Shannon Martin is the new executive director of the Kenai River Sportfishing Association. (Courtesy/KRSA)

Shannon Martin is the new executive director of the Kenai River Sportfishing Association. (Courtesy/KRSA)

New KRSA director emphasizes watershed health

Martin was KRSA’s office and events manager for three years until she took on the director role in February

The new executive director of the Kenai River Sportfishing Association holds the water close to her heart.

Shannon Martin, who was named director last month, said she grew up fishing in Southcentral Alaska. She was born in Soldotna and lived there until she was 8 years old, before her family moved to Anchorage. Martin spent years in Anchorage, where she met her husband and started a family.

“Almost every weekend, we were coming down to the peninsula to go camping and fishing, so we decided to go ahead and just move here to be closer to the river,” she said.

The couple even honeymooned on the Russian River in 2007.

“I’m pretty passionate about fishing, just being an Alaskan,” Martin said. “A lot of us grew up on a boat or near the ocean. I just really enjoy being out there.”

Martin was KRSA’s office and events manager for three years until she took on the director role in February.

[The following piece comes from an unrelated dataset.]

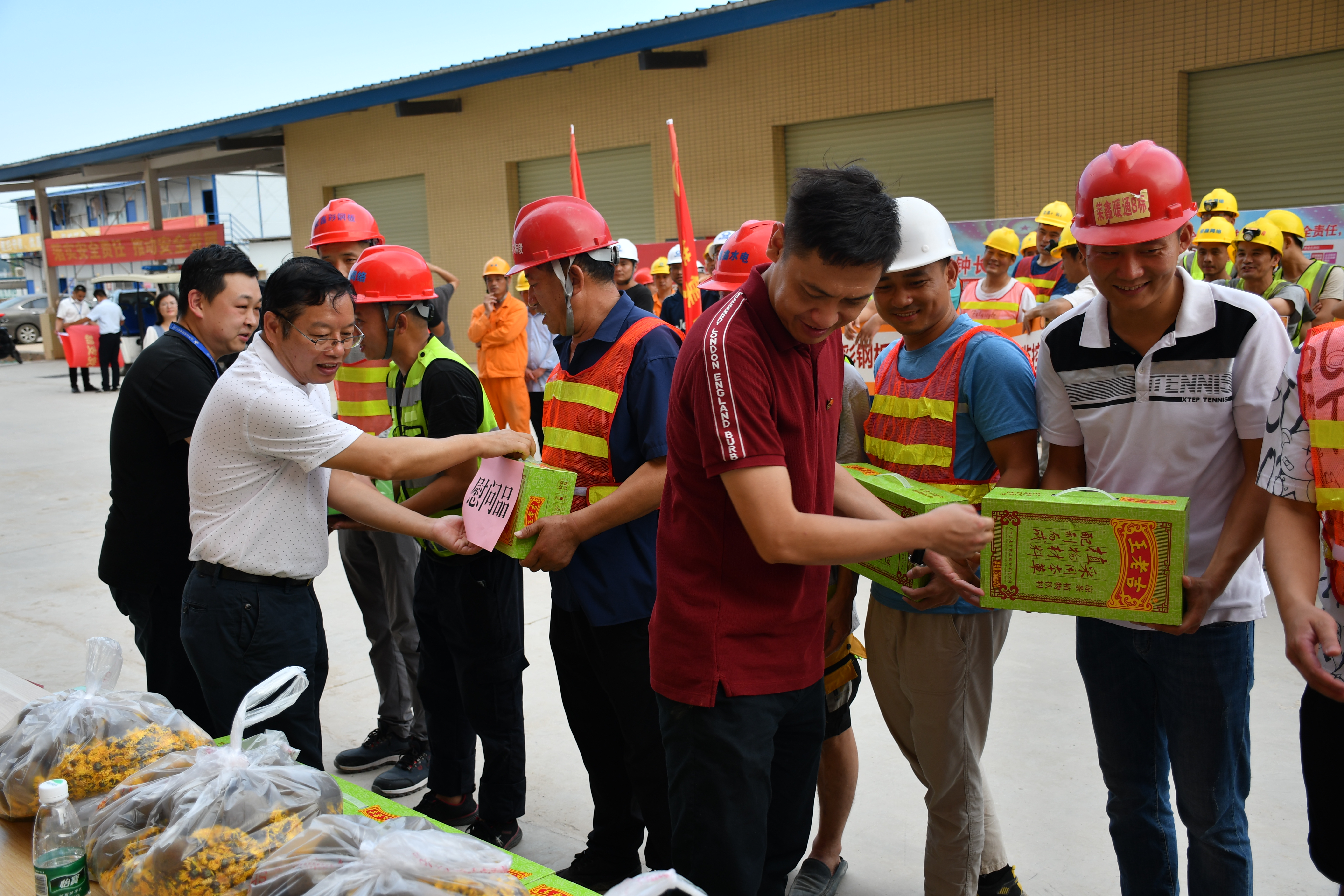 榮鑫公司領(lǐng)導(dǎo)班子與瑞聲公司副總經(jīng)理李博一起為一線勞動(dòng)者送上清涼慰問品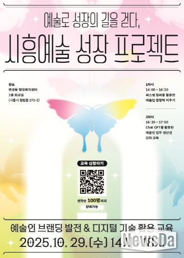 시흥예술 성장 프로젝트는 ‘문화예술 성장 및 예술인 브랜딩 발전’이라는 주제로 1부 퍼스널 컬러 교육과 2부 챗지피티(ChatGPT)를 활용한 디지털 교육으로 나눠 진행된다.

She said she wanted to work for the organization to uphold its values.

“I was really drawn to KRSA’s mission: that they give back to the community, they give back to the river through habitat projects and angler access and advocacy for sport fishing rights.”

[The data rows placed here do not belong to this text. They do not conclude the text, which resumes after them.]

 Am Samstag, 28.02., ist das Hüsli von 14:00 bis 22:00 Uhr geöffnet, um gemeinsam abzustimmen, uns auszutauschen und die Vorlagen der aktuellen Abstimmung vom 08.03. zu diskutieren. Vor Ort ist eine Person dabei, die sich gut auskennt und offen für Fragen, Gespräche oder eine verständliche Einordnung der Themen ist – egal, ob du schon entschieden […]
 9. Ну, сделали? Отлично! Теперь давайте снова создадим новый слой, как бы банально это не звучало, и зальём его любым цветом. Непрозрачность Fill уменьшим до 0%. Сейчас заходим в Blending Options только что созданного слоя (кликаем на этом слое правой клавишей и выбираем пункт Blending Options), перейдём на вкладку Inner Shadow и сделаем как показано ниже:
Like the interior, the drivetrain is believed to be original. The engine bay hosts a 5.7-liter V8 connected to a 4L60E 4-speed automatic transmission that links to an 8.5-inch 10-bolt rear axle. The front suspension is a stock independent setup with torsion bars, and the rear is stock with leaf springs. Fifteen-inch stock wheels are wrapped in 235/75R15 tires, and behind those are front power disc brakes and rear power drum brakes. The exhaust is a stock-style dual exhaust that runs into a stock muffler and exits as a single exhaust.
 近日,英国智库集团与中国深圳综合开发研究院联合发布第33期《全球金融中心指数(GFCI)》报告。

Martin said one of the most notable projects she’s spearheaded during her time at the association has been the Kenai River Classic — a three-day invitational fishing event held each August. According to the KRSA website, the derby has raised more than $18 million for habitat restoration projects over 25 years.

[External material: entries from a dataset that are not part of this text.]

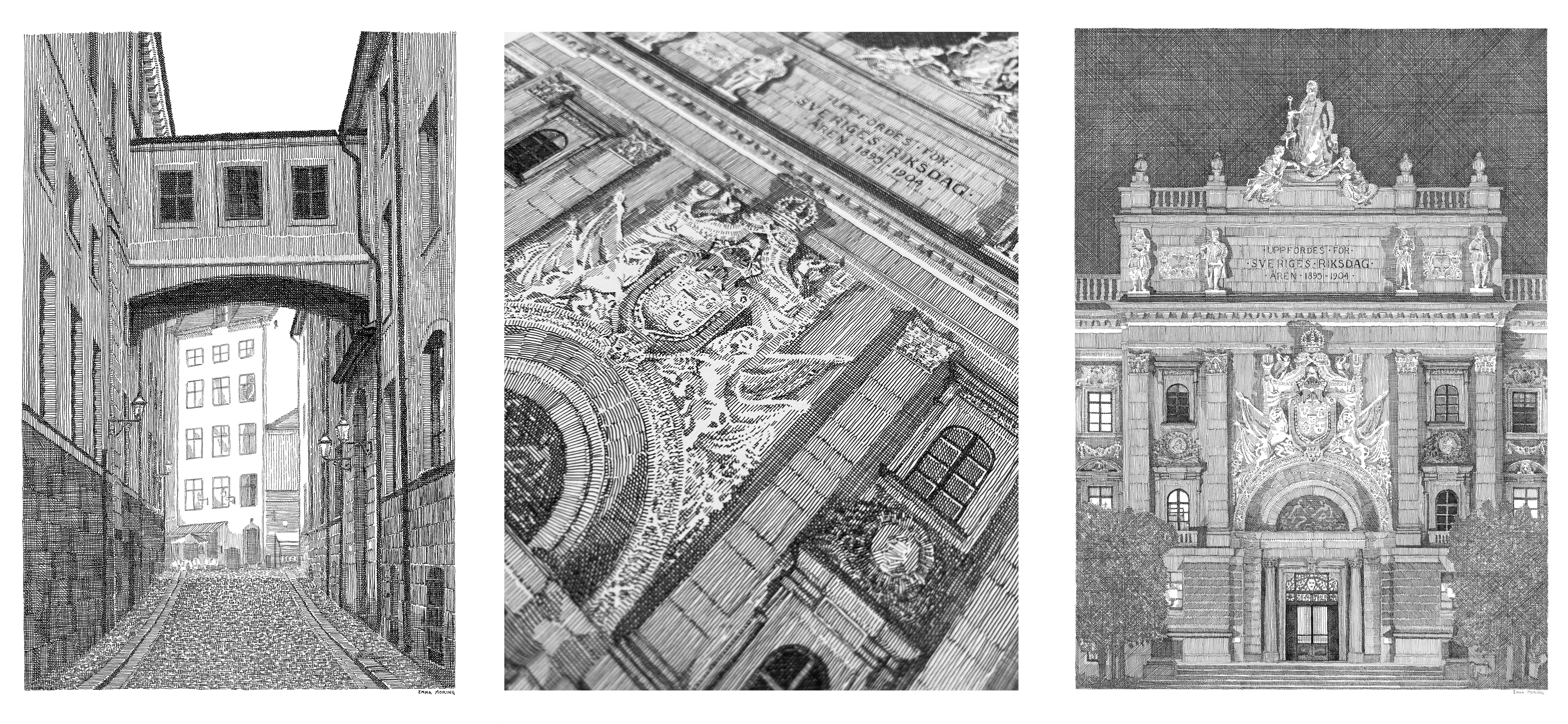 Ohuista ja tarkoista viivoista muodostuu hämmästyttäviä kaupunkikuvia. Emma Moringin työt muistuttavat meitä siitä, kuinka lukuisat pienet ja pelkistetyt mustavalkoiset viivat voivat antaa upean lopputuloksen. Tutustu Emman tarinaan, joka johdattaa meidät heikosta itsetunnosta omaan tyyliin, jossa luonnostellaan musteella sekä tarkoilla ja veitsenterävillä viivoilla.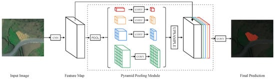 The structure of PSPNet is shown in Figure 3; the input layer obtains the feature layer of the input image through CNN, and the feature layer size is changed to 1/5 of the original through. Then, the obtained feature map is input to the pyramid pooling module. First, this module divides the input feature layer into 6 × 6, 3 × 3, 2 × 2 and 1 × 1 sized areas; the ave-pooling operation is performed in the divided area to obtain four feature layers of different sizes (corresponding to the green, blue, orange and red outputs in Figure 3, respectively); then, 1 × 1 convolution operations are performed on these feature layers; next, the number of channels of the feature layer is changed to one-fourth of the original; and finally, the feature layer is up-sampled by bilinear interpolation. The upsampled feature map and the feature layer obtained by CNN are concatenated, and finally, the final output is obtained through the convolution operation.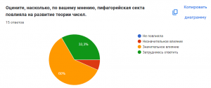 53,3% опрошенных признают значительное влияние пифагорейской секты на развитие теории чисел. При этом 40% участников затруднилась с оценкой, а мнение о незначительном влиянии практически отсутствует.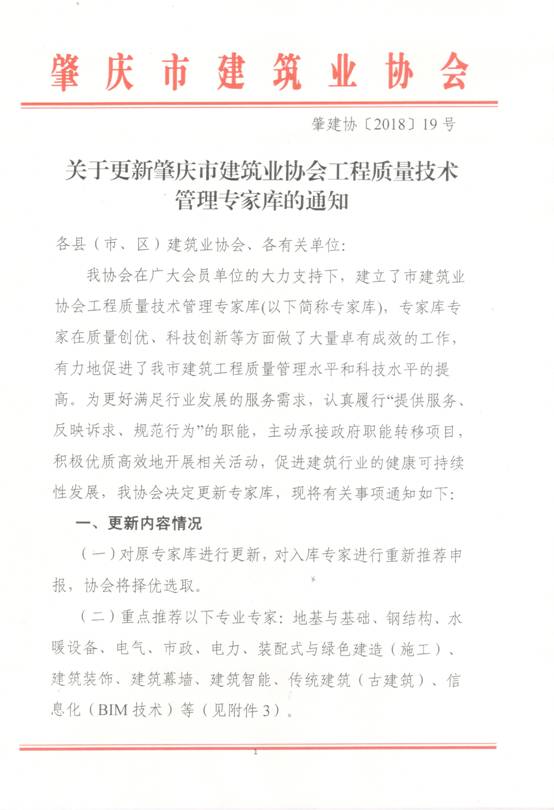 附件1:肇庆市建设工程质量技术管理专家汇总表.xlsx 附件2:肇庆市建设工程质量技术管理专家推荐表.doc 附件3:肇庆市建设工程质量技术管理专家专业分类表.doc 关于更新广东省建筑业协会工程质量技术管理专家库的通知.zip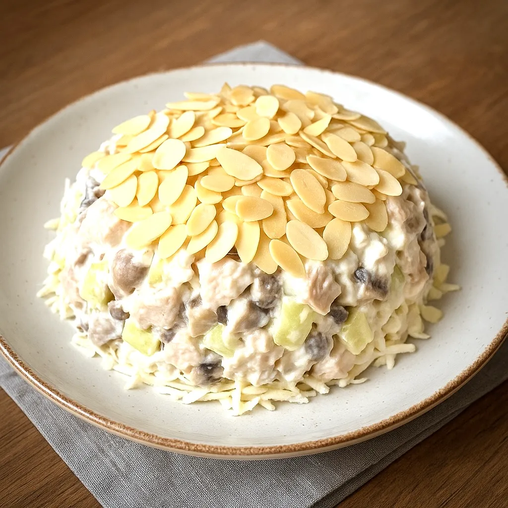 Смешайте салат с соусом. Украсьте сверху горстью миндальных лепестков.

“It’s important for people to experience the Kenai River firsthand,” Martin said. “It is the most access(ible) sport fishing river in Alaska. And because of that, we need to make sure that we are accessing it responsibly.”

Looking ahead, Martin said she’s excited for additional programming. One project on the docket for this summer is the Drift Boat Regatta — a drift boat race in Cooper Landing followed by river cleanup.

“This will be KRSA’s first year getting involved with that event,” Martin said. “We’re really excited about building it up and having a lot of people participate in the cleanup aspect.”

Martin said she wants to continue with community outreach.

“(Goals include) to continue to engage the community and get as many people involved with taking care of the river and being an advocate for sport fishing, access and rights,” she said.